Document processing with DocAI
Introduction
The current deployment of OGRRE uses Google DocAI for digitizing documents.
This page describes the workflow used to process well records through DocAI.
Terminology
Following are terms used in this page:
Term | Synonyms | Definition |
---|---|---|
model | AI model | Trained (DocAI) model that can transform inputs to outputs |
collated documents | Raw PDFs | Multiple-page PDFs containing well records |
splitter | AI model that can extract the PDF pages from collated documents | |
category | A label that identifies a type of document | |
training document | Document used to train an AI model | |
testing document | Document used to assess the accuracy of the AI model as part of the model training | |
classifier | AI model that groups documents into categories for processing | |
schema | Set of attributes that are expected for a document in a given category | |
field | attribute | One named value in a document |
Workflow
Below is a diagram showing an overview of the workflow:
Split
Typical input documents are multiple page PDFs, only some of which contain the data of interest. Different categories of report document have different boundaries, so they are labeled and identified.
Training
The training set is created with the following manual (human) steps, performed on the collated raw PDFs uaing the Google DocAI web interface:
- Identify the document boundaries
- Assign a category, based on titles or content, to separate different collated document types
Google DocAI needs at least 10 training documents and 2 testing documents for each category to automatically apply the categories and boundaries to the rest of the collated documents.
Application
This 'model' of document boundaries and categories can now be applied to the rest of the collated documents.
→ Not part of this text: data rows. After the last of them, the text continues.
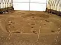 Roughly 1/20th of the Mukibanda remains have been excavated.[5] The 17.2 hectares (43 acres) of excavation revealed 395 pit-style dwellings, 502 dwellings with raised cornerstones, and 24 Yayoi-style barrow cliff tombs.[3] This area was inhabited between the late Yayoi to early Kofun period, roughly 100 BC to 300 AD.[5] The east part of the site was occupied by dwellings, and the western part of the site, on higher ground, was used for gravesites. The settlement was active in blacksmithing, bead making, and the production of earthenware Yayoi pottery. The highest point on the site in the Matsuogashira district of Daisen appears to be the home of the chief of the village and home to the sacred area of the site.[3] The entire site is thought to be the chief village, and possibly capitol, of some type of political entity.[5] The Mukibanda site is likely part of ancient Kingdom of Izumo[6] The existence of ring trenches dating from the latter half of the Yayoi period indicate that the settlement was fortified at some point, roughly corresponding to the time of the Civil War of Wa mentioned in Chinese historical sources. Remains unearthed include earthenware, stone tools (cooking tools, agricultural tools, hunting tools, weapons), ironware (agricultural tools, weapons), and broken mirrors. A total of 197 ironware items from the Yayoi period, such as hatchets, axes, chisels, drilling tools, hoe tips, sickles, and iron arrowheads, have been excavated, and some of them are of continental origin.[4]
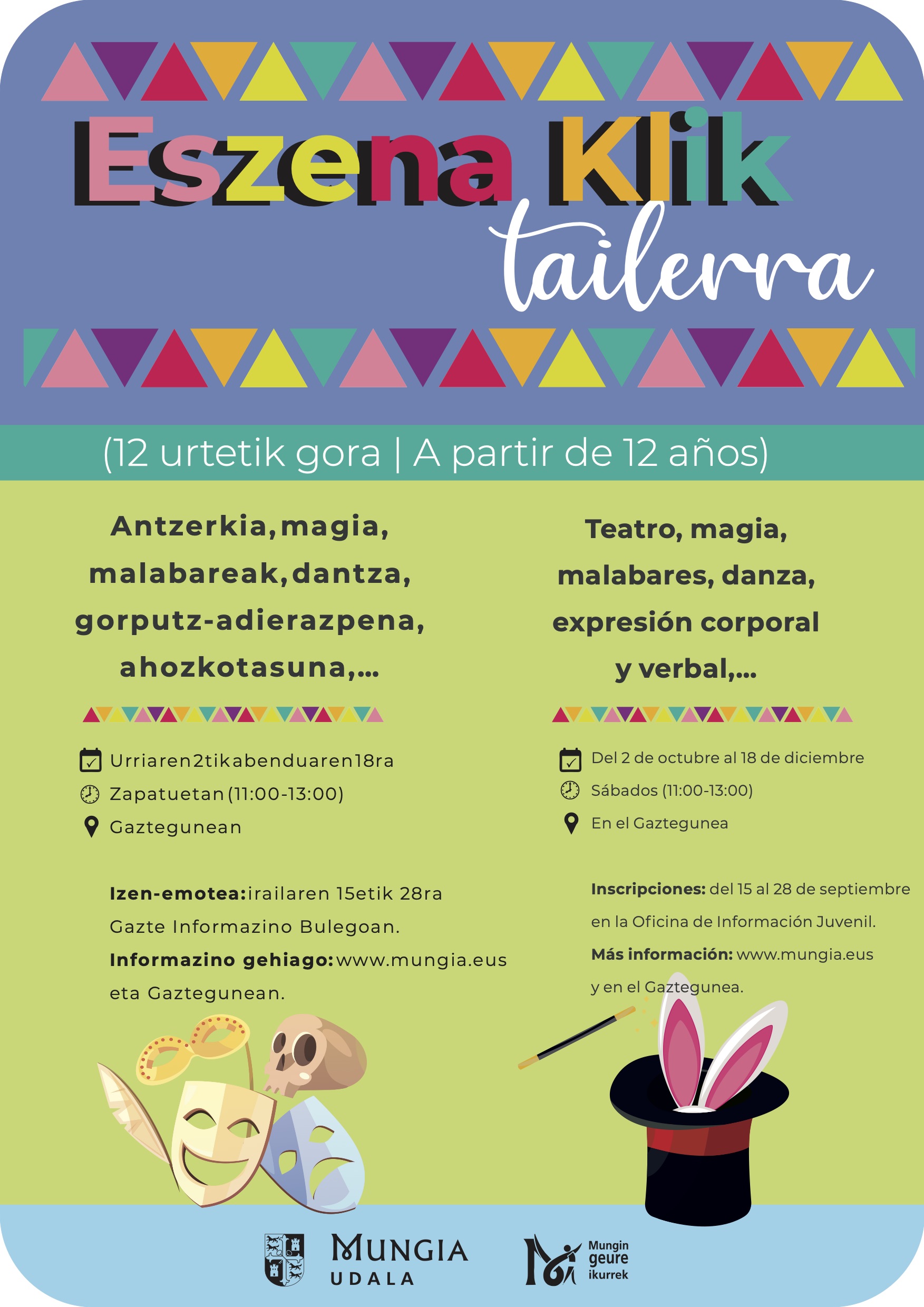 Antzerkia, magia, malabareak, dantza, gorputz-adierazpena, ahozkotasuna... Urriaren 2tik abenduaren 18ra, zapatuetan (11:00-13:00), Gaztegunean.
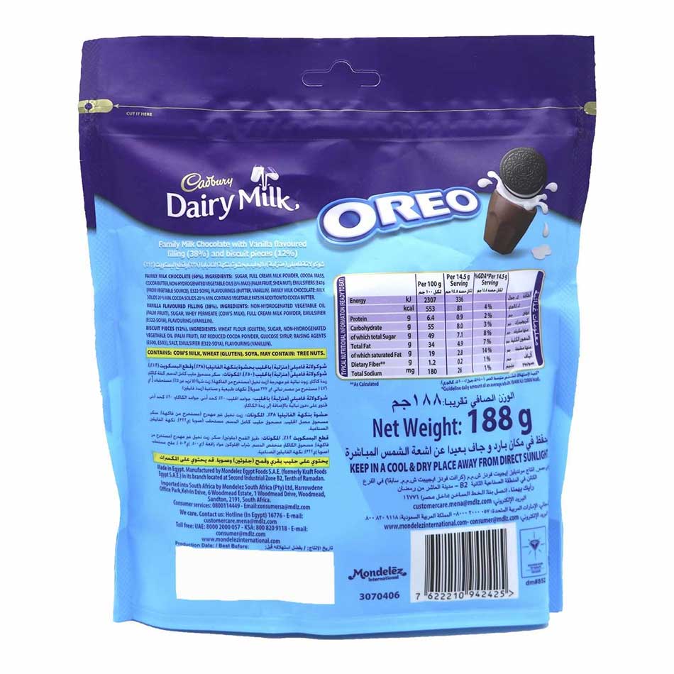 Buy Cadbury dairy milk oreo 188g online from Cellsii.com. This experience Cadbury dairy milk chocolate filled with crunchy Oreo cookie pieces wrapped in a layer of creamy vanilla filling.
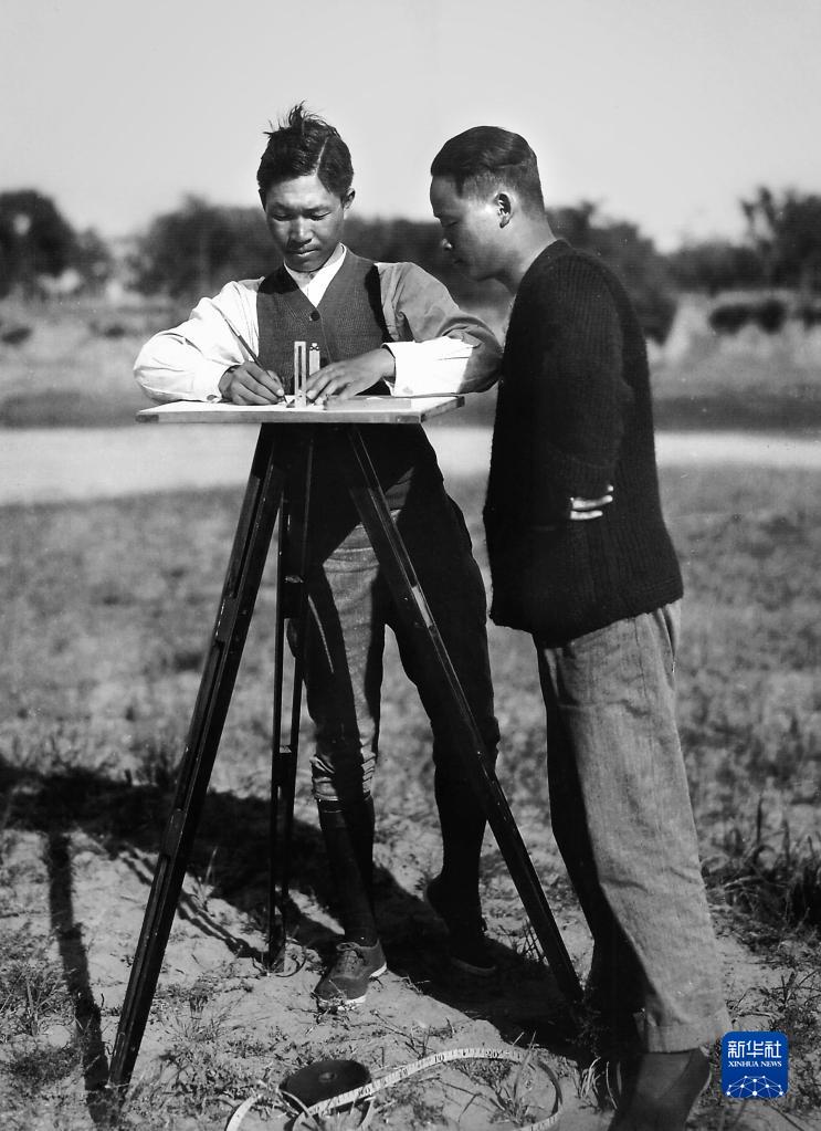 董作宾(右)和李春昱在殷墟第一次发掘中测量绘图(资料照片)。 新华社发
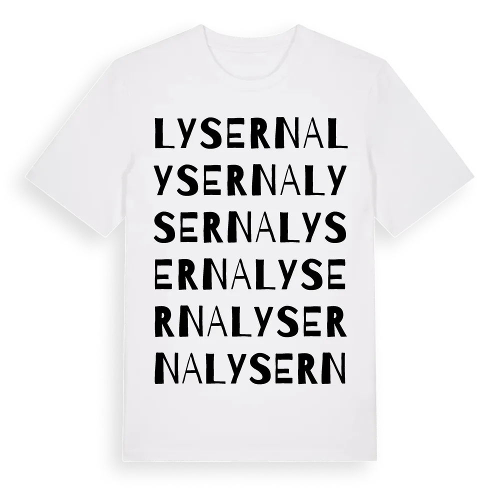 Lyserna ordlek t-shirt är inspirerad av Lyserna i Hallands län, Sverige. Tröjan är designad för dig som har en speciell koppling till platsen – oavsett om du bor här, har rötterna här eller bara älskar Lyserna.

Then the processing workflow produces files like:
{original file name}_{Splitter label}_{Label count}
.
- A useful original file name is the API number (e.g., if not inside the file itself)
- The "Label countitle: Usage Guide sidebar_position: 2 t" tracks the number of documents with the same “Splitter Label” for a given collated Document
Classify
Once the documents have been split so that only the pages with the desired data are present, they need to be grouped into categories based on document layout.
Training
Classifier category labels are based on the order of when each document type was identified,
using letters as follows: {Splitter Label}_{A,B,C,..}
.
Each document receives one label.
The training set is created by labeling document types. As for the Split step, Google DocAI needs at least 10 training and 2 testing documents for each document type.
Application
The classifier model takes as input the splitter outputs from the previous step and categorizes them into different schema label "bins", which are mapped to different Google buckets for extraction.
Extract
The final step in the workflow is to extract the data from each category of documents. To do this, one must first train the processor, adding schema (field) labels for every field in the category of documents.
Training
Unlike the Split and Classify steps for a field to included in a model, Google DocAI needs the field to be included on at least 10 training and 10 testing documents to create a model. One model is trained for each category identified in the previous Classify step.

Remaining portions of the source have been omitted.